Business and Governmental Understanding of Potential Benefit:

  • Businesses are realizing that this data can be used to optimize cost and delivery of industrial services.
  • Businesses are also beginning to see opportunities for disruptive changes in industrial business models. One example is the opportunity for aviation engine manufacturers to offer an inclusive rental program for equipment and servicing, based on the expectation that enhanced feedback from the network of engines would result in improved design and reduced costs in manufacturing and maintenance. Early establishment of such an offering would lead to significant competitive advantage.
  • Governments are supporting greater use of sensor data to prevent catastrophic failure of key infrastructure networks such as power, water, and transport.

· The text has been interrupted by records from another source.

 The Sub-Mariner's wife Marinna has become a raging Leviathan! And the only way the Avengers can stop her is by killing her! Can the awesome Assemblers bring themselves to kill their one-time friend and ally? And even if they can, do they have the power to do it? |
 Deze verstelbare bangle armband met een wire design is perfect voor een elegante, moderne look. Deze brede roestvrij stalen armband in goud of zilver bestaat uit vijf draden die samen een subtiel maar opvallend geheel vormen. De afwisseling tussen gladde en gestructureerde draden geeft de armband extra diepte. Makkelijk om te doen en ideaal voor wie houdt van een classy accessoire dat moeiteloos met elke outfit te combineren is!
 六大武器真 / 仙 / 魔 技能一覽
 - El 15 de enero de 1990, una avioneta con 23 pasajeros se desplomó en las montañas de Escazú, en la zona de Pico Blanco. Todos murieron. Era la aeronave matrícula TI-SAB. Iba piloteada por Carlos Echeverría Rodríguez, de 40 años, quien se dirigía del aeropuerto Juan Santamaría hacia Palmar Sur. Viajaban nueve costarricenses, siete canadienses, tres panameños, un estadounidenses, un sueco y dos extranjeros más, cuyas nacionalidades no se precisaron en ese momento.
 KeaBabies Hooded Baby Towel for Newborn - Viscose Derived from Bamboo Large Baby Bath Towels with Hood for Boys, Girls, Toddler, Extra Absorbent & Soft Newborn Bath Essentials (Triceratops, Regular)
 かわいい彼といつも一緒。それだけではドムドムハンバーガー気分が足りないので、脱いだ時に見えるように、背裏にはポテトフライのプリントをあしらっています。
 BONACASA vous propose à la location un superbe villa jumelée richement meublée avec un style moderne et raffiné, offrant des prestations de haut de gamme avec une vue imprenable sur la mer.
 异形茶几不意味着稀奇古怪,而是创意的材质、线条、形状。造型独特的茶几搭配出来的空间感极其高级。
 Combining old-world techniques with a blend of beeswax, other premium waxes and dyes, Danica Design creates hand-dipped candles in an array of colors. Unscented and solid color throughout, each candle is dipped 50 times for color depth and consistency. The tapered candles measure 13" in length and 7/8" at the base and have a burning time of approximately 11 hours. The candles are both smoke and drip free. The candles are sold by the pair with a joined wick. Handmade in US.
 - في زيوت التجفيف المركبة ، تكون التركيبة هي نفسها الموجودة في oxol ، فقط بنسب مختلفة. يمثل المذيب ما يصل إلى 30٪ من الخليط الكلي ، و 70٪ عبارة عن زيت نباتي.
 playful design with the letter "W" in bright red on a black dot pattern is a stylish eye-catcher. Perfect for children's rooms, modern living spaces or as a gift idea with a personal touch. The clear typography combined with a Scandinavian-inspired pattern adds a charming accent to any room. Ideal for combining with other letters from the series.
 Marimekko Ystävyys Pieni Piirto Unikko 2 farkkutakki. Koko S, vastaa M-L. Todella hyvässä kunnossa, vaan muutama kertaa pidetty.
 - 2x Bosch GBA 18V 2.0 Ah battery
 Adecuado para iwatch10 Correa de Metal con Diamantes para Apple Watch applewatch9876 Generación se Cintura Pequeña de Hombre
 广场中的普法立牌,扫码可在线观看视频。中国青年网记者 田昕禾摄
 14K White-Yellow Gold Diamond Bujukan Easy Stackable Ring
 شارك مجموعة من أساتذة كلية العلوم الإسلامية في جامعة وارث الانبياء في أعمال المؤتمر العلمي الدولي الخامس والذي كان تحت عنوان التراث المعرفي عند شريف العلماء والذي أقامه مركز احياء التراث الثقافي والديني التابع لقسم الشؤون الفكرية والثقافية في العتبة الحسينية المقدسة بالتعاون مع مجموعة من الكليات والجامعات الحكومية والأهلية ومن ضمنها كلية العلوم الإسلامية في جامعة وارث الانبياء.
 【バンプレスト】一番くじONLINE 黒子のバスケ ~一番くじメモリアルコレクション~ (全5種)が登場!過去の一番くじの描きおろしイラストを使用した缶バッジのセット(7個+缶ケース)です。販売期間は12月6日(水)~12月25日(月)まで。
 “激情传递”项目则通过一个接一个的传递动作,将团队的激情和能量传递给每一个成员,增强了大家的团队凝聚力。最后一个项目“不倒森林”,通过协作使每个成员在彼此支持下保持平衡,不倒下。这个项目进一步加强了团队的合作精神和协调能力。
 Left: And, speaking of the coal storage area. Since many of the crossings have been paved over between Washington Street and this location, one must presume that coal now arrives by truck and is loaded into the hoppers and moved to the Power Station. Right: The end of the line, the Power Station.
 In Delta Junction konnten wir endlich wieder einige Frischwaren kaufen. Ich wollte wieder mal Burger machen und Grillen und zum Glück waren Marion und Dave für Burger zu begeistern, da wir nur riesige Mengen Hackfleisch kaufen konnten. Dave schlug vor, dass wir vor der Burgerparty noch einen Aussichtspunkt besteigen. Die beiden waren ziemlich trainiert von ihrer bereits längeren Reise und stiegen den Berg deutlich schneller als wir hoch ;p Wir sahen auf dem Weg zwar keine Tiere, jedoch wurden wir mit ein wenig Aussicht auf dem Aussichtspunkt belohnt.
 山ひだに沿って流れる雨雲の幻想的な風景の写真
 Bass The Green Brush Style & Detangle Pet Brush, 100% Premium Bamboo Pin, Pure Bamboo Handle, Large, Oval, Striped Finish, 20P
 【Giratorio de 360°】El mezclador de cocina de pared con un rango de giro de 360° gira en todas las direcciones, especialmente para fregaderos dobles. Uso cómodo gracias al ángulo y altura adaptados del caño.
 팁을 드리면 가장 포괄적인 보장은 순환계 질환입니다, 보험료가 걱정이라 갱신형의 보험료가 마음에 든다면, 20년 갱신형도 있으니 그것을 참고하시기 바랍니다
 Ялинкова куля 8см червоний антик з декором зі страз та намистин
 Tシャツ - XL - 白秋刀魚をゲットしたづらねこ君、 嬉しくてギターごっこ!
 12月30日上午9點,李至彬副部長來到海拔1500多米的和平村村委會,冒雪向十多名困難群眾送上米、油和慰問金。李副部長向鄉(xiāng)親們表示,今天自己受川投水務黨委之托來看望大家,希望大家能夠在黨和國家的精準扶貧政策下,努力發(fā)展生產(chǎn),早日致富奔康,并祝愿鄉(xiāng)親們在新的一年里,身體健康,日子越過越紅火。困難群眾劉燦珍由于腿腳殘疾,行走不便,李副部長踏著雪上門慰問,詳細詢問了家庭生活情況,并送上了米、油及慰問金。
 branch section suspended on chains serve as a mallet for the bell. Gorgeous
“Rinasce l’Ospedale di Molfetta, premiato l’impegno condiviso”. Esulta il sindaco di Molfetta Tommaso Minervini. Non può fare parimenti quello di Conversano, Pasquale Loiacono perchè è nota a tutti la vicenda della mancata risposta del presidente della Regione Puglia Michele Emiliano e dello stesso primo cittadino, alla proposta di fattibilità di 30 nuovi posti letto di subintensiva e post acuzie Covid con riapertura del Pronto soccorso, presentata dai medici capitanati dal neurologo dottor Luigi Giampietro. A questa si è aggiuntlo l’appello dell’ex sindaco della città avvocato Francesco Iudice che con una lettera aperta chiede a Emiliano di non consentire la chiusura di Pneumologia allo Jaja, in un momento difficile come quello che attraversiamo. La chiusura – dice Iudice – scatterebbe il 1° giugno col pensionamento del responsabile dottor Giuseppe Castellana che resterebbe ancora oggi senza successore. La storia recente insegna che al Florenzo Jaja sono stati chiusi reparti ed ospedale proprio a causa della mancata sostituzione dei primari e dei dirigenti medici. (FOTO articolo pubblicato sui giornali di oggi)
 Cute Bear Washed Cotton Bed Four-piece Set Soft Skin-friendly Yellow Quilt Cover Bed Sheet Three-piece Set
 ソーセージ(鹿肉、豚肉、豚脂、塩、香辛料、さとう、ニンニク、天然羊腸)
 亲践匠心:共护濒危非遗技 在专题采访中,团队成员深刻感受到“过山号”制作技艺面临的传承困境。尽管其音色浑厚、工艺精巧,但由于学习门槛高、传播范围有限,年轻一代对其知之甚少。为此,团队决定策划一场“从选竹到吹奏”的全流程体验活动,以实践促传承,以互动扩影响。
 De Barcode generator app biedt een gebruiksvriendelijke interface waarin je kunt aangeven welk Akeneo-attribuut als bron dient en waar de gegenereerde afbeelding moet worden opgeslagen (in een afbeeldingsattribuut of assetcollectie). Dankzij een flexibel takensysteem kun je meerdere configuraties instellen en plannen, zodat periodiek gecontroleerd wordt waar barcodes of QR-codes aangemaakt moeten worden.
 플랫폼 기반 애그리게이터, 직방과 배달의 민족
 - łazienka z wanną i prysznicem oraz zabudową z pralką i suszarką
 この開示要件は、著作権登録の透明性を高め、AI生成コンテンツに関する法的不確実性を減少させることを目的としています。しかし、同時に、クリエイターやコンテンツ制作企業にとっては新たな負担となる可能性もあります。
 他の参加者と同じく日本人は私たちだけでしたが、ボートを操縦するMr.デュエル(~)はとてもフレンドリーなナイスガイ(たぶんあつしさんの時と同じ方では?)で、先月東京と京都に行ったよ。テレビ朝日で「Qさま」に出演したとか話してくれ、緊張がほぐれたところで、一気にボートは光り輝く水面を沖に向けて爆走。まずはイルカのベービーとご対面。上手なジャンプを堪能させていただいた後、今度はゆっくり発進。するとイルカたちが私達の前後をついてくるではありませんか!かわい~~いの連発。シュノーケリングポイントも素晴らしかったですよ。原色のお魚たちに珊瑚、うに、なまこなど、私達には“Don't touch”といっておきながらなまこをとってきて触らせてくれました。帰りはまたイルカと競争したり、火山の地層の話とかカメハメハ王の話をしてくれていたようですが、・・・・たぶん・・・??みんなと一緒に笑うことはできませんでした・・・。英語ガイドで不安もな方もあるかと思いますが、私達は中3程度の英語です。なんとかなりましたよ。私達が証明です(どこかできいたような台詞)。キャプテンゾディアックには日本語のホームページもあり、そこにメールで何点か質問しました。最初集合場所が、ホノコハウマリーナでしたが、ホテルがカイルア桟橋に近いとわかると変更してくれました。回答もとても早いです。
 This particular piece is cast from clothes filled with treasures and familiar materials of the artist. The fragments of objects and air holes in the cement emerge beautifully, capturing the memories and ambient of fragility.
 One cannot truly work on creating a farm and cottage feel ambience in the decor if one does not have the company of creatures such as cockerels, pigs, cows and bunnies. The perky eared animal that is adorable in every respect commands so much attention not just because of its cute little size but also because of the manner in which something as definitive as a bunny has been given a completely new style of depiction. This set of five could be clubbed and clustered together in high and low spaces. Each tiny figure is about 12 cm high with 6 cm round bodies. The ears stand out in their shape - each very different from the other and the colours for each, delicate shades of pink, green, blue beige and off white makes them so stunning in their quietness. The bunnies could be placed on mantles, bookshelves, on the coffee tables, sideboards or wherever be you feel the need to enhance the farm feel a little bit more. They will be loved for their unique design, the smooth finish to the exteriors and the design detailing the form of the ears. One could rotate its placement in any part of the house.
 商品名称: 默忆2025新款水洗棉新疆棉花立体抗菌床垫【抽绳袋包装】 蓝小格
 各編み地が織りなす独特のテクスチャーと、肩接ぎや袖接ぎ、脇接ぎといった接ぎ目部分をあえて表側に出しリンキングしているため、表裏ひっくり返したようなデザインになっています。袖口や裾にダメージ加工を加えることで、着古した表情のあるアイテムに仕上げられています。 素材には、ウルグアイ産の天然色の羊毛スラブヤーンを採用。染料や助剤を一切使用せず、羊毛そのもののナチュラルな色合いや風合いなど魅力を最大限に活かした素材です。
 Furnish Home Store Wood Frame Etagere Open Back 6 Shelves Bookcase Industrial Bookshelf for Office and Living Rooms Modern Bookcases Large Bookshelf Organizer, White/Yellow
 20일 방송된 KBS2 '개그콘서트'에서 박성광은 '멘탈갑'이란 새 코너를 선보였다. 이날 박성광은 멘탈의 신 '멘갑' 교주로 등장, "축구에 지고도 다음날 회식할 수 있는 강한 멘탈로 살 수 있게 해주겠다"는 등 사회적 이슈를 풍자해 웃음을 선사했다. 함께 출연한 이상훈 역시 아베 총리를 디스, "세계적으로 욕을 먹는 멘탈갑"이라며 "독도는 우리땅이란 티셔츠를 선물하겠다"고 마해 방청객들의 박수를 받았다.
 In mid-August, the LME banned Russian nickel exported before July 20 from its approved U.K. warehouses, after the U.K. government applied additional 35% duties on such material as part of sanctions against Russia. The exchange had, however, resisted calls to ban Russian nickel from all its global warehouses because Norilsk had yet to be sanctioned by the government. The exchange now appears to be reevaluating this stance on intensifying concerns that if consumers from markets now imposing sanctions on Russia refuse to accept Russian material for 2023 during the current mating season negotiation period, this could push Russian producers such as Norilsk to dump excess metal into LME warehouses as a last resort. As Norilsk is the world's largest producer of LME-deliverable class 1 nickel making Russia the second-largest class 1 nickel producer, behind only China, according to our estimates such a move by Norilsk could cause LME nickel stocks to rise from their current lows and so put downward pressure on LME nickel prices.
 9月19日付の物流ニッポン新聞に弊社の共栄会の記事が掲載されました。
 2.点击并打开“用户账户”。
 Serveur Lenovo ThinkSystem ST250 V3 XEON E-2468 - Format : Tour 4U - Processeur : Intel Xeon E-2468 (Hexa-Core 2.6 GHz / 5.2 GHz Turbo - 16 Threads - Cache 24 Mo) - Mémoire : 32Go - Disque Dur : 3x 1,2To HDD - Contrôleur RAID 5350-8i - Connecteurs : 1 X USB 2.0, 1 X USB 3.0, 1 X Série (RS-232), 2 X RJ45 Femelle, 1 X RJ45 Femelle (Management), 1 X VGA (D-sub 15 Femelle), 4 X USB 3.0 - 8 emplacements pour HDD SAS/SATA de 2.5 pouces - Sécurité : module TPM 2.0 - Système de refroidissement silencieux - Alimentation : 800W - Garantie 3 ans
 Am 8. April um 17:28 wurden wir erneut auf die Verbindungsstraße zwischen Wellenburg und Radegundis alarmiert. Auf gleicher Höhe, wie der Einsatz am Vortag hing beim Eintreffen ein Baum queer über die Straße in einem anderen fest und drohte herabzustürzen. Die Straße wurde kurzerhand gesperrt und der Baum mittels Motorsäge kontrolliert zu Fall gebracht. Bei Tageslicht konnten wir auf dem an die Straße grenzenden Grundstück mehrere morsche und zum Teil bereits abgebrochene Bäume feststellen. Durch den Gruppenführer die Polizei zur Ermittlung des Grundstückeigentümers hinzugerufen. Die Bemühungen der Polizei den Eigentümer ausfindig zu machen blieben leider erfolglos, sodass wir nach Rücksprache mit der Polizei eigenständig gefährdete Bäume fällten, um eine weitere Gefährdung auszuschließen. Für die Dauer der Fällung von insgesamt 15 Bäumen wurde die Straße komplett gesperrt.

The meaning of the Industrial Internet for that reason consists of 2 key components:

  • The connection of industrial machine sensors and actuators to regional processing and to the Internet.
  • The onward connection to other vital industrial networks that can independently generate value.
    Industrial Internet Examples & Metrics


Examples of the Industrial Internet

Aircraft Engines

The connection of aviation engine sensing units (both during and after flight) to the Internet, and the onward connection of these to other networks designed to:

  • Forecast catastrophic engines failure;
  • Enhance maintenance of air travel engines on wear vs. traditional use;
  • Feedback from real-world environments into engine modeling and design.
  • Enable brand-new business models for engine manufacturers on a rental overall cost/hour basis rather than current purchase/maintenance model.


Wind farms

the connection of wind turbine sensors to the Internet, and the onward connection to other networks that enable:

  • Real-time optimization of profit based on potential power generation and the effect on turbine maintenance costs (the trade-off on $/ Watt on the open market vs. longer-term impact of driving equipment harder on maintaining wind turbines located in harsh environments).
  • Re-designing wind turbines to optimize on capital cost of parts vs. long-lasting maintenance expenses.
  • Providing resilience in the case of catastrophic failure of other parts of the power grid.